# About this exercise:
From the line containing "Now available for" through the last line of the data, both ends included, write out every line exactly; omit the pictures.

# Input data:

____________

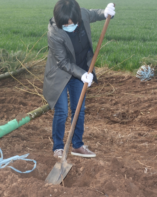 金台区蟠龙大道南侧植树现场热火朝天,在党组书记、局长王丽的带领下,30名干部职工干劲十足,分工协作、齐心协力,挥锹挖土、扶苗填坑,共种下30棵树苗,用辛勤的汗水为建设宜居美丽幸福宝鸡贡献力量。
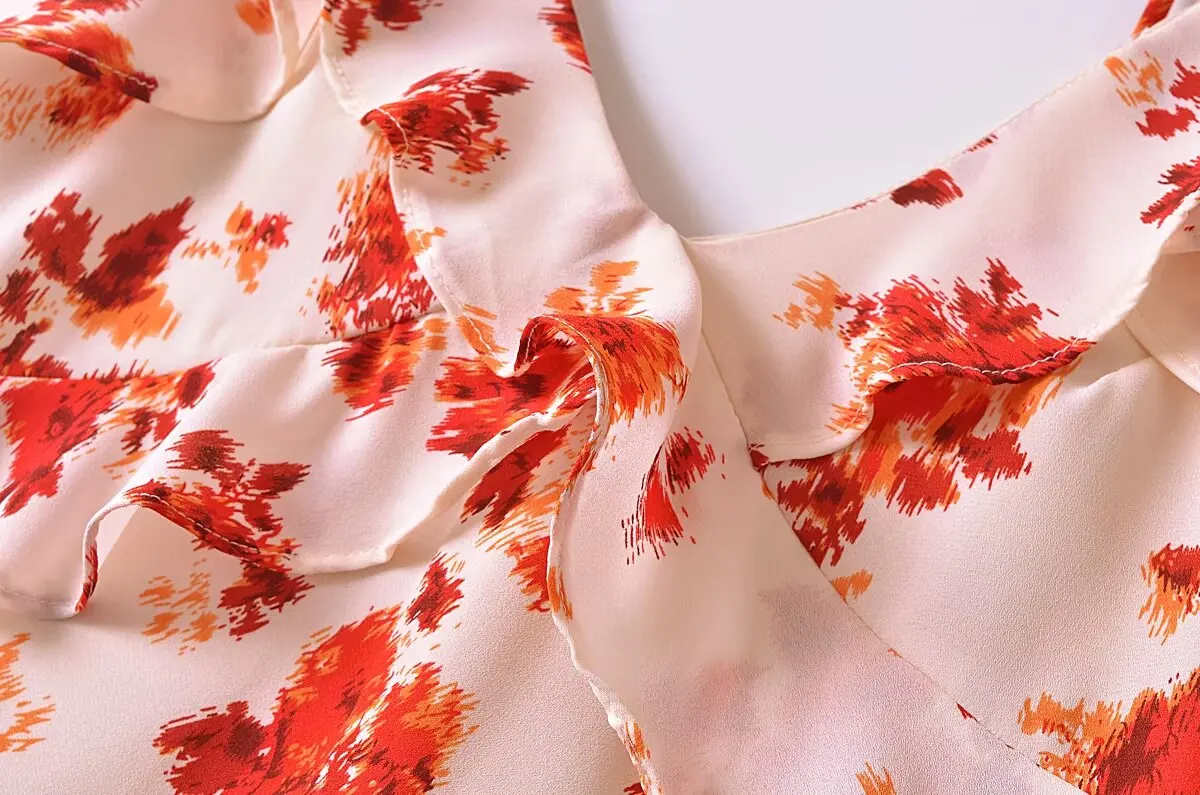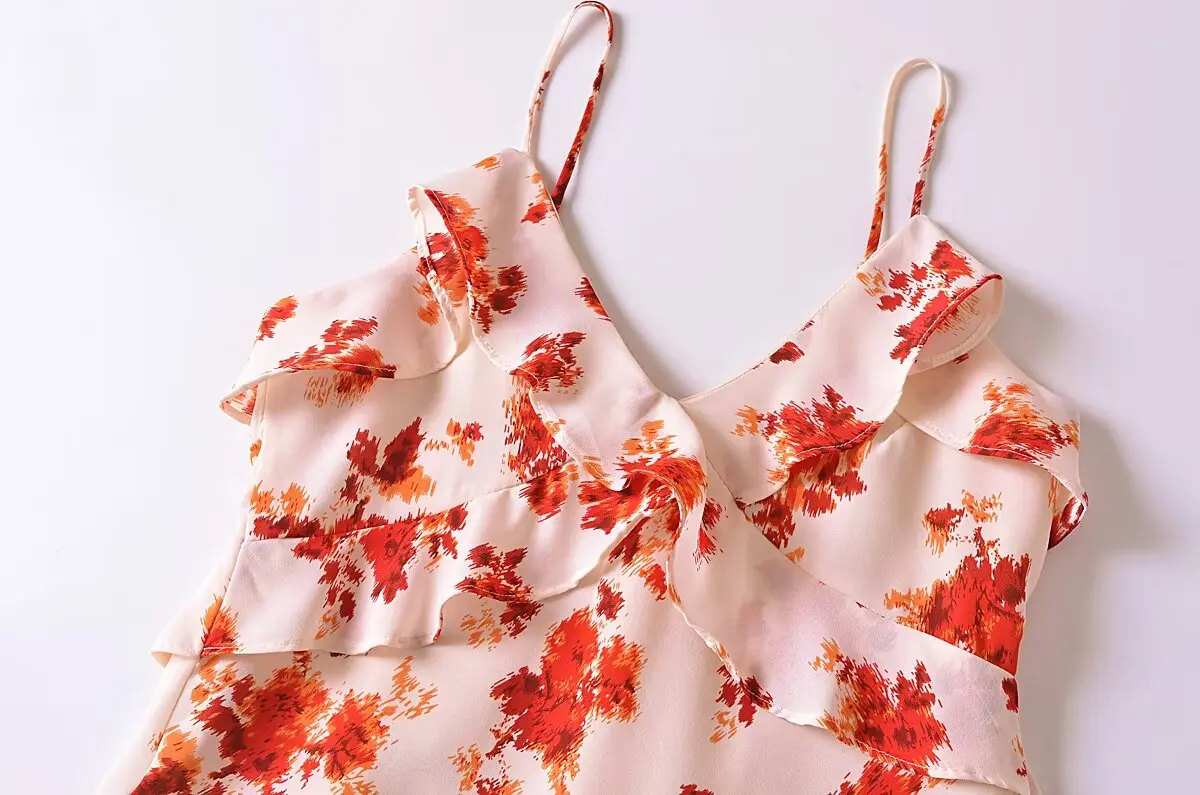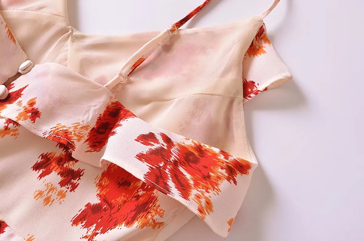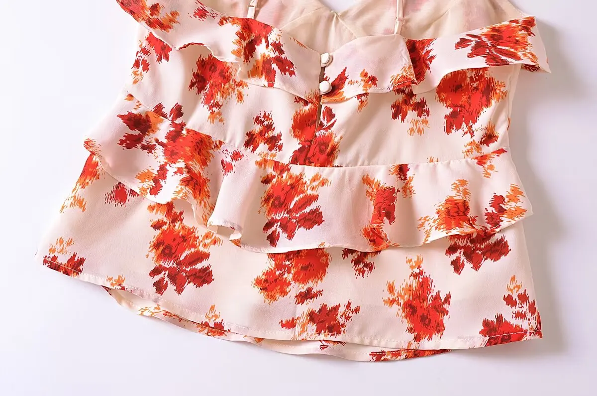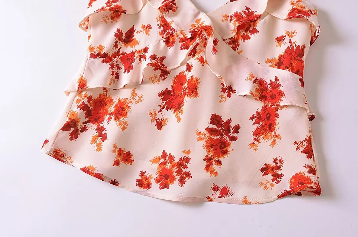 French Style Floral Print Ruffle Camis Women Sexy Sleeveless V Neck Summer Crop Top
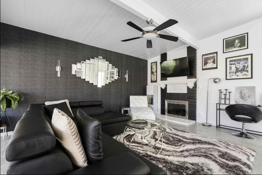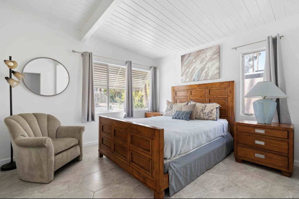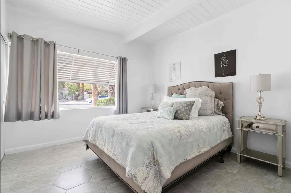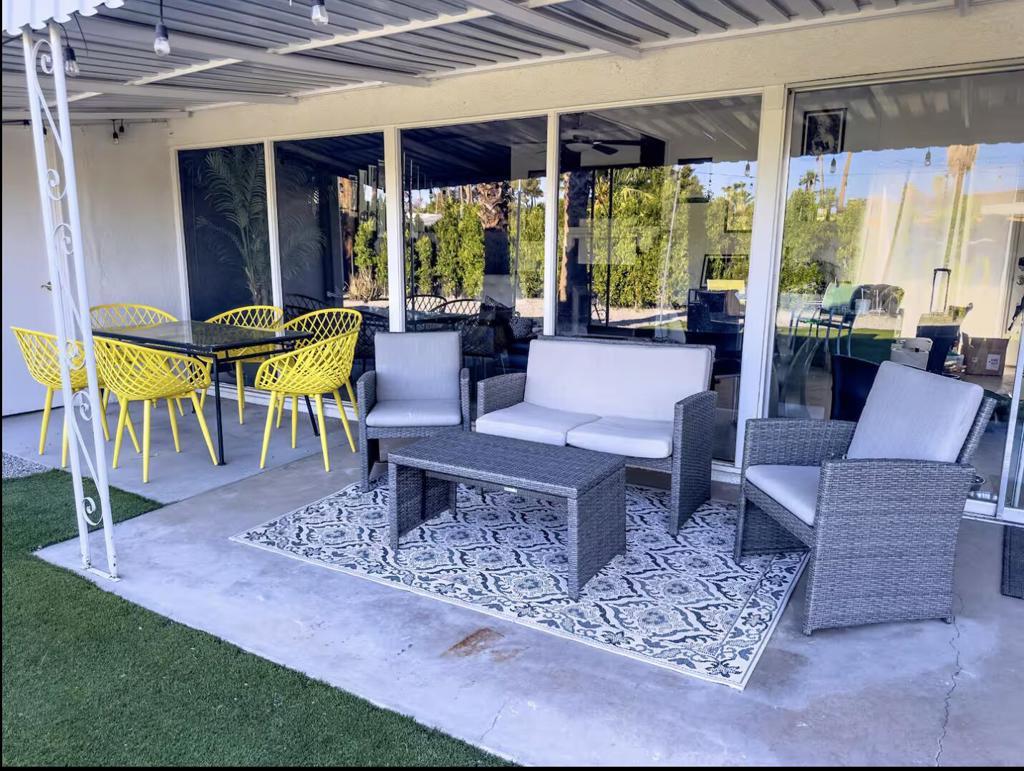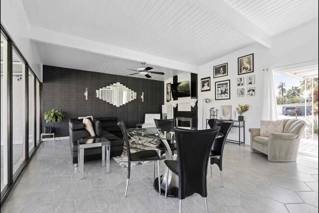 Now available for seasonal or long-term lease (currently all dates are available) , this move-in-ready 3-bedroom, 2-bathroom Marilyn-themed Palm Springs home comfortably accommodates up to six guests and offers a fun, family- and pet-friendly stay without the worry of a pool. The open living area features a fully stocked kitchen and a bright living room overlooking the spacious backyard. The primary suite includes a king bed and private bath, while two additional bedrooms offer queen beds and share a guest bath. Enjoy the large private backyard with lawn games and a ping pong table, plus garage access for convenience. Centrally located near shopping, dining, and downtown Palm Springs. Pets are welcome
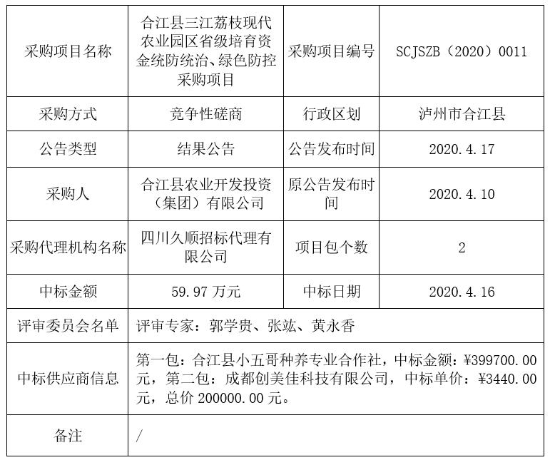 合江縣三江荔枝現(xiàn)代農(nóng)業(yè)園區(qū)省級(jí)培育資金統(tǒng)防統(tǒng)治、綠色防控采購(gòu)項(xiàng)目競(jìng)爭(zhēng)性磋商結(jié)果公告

____________

# Solution to this exercise:
 Now available for seasonal or long-term lease (currently all dates are available) , this move-in-ready 3-bedroom, 2-bathroom Marilyn-themed Palm Springs home comfortably accommodates up to six guests and offers a fun, family- and pet-friendly stay without the worry of a pool. The open living area features a fully stocked kitchen and a bright living room overlooking the spacious backyard. The primary suite includes a king bed and private bath, while two additional bedrooms offer queen beds and share a guest bath. Enjoy the large private backyard with lawn games and a ping pong table, plus garage access for convenience. Centrally located near shopping, dining, and downtown Palm Springs. Pets are welcome
 合江縣三江荔枝現(xiàn)代農(nóng)業(yè)園區(qū)省級(jí)培育資金統(tǒng)防統(tǒng)治、綠色防控采購(gòu)項(xiàng)目競(jìng)爭(zhēng)性磋商結(jié)果公告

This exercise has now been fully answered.